Quantitative Assessment of Limb Stability from Handwriting Images
ZhiFei He, Lu-Chuan Zeng, Ruijiang Xie, Keyi Li, Hai Lin Su, Jie Lei, Li Lan, Linglin Xia, Deyu Lin · 2021
Limb stability refers to the ability of limbs to maintain posture during physical movements. Observing limb movements and quantizing limb stability is crucial for tremor detection. In this paper, we propose a quantitative metric to quantify tremor of limbs. We applied the Otsu threshold segmentation method to quantify features of handwriting images that were digitized and identified. Then we employed the eight-connected components to quantify the deviation degree, obtained two parameters that can quantitatively evaluate the patient's left and right hand's stability. Further we studied the correlation between the patient's living habits and limb stability to predict latent tremor.
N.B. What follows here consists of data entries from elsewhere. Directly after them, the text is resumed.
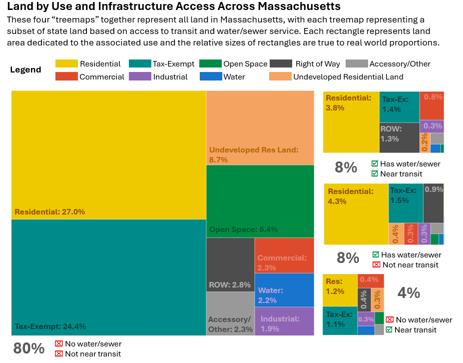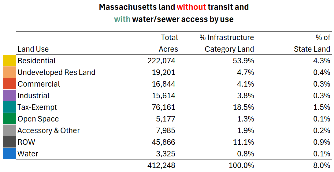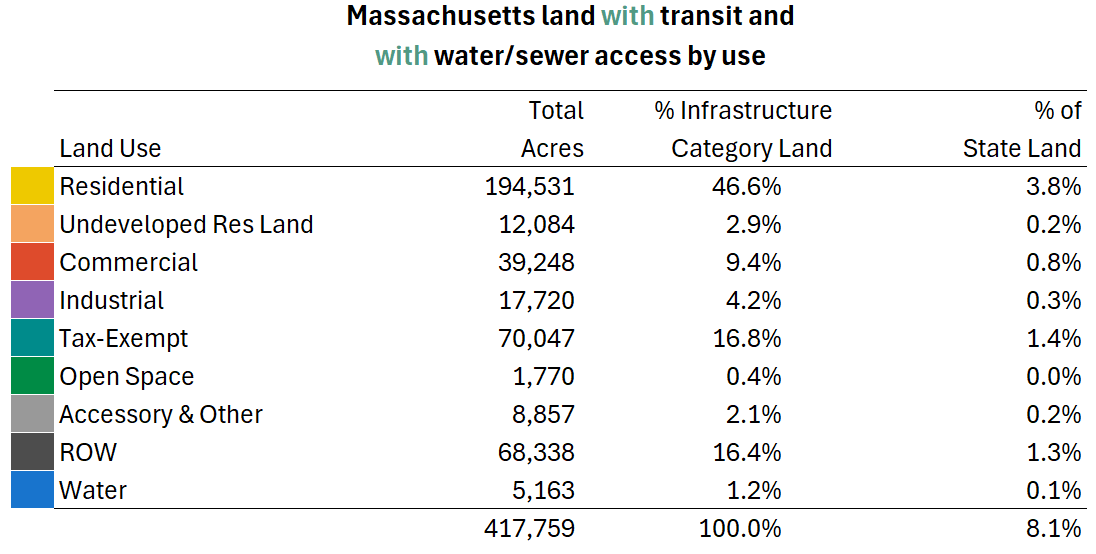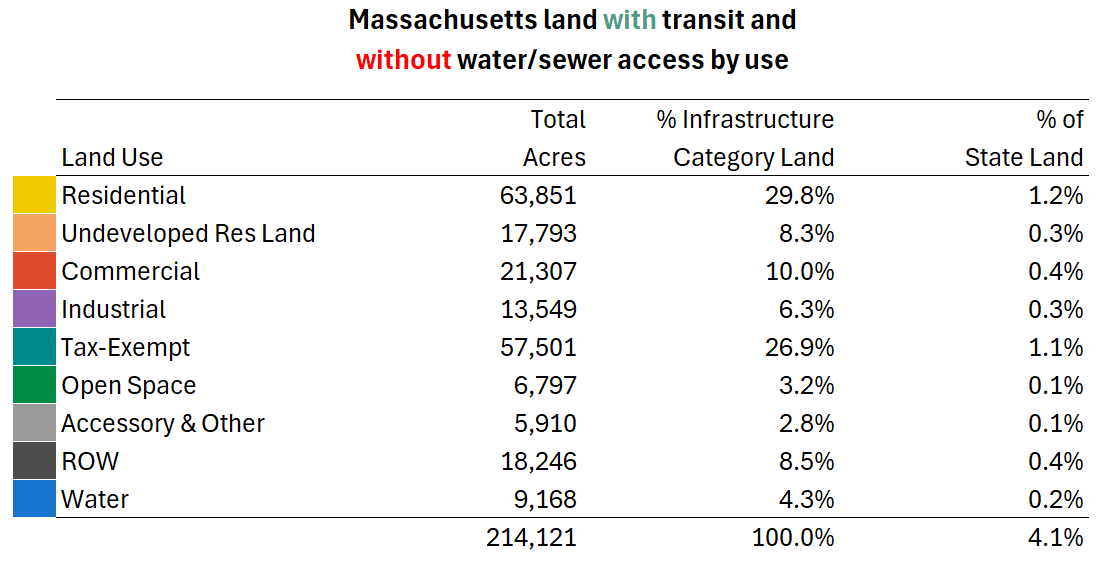 With every parcel in Massachusetts coded by both transit and water/sewer availability, we can now summarize land across the Commonwealth by current use and dig into the type and density of housing in areas with differing infrastructure.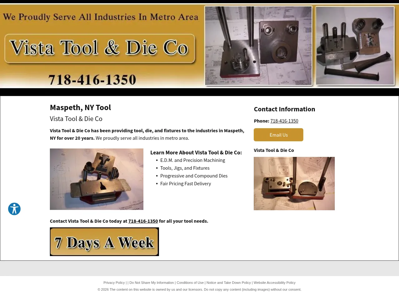 Vista Tool & Die provides specialized manufacturing solutions, including precision machining and custom tooling services. The company serves a diverse range of industries within the metropolitan area. Core capabilities include Electrical Discharge Machining (EDM), the fabrication of jigs and fixtures, and the production of progressive and compound dies. Known for a commitment to efficiency, the firm emphasizes competitive pricing and rapid turnaround times for all projects.
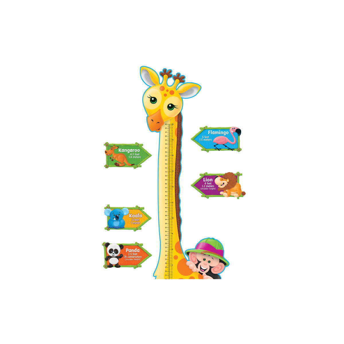 Track growing children! Includes 3-piece giraffe, 5 height cards, and downloadable recording chart. Measure in inches and centimeters. 8 pieces; giraffe is 6' tall assembled. Includes a Discovery Guide with creative activities that teach and delight! Coordinates with the Monkey Mischief Collection.

The tremor pre-diagnosis based on the C4.5 algorithm reached a classification accuracy of 97.10%. Experimental results demonstrated that the parameters obtained by our method reach higher accuracy and reliability when quantitatively evaluating the stability of limbs. This method is beneficial for tremor detection of the patient's handwriting. Further research includes efforts on creating metrics that can be assessed in absolute scales, using a broader set of samples, and integrate the metrics into clinical practice for tremor diagnosis.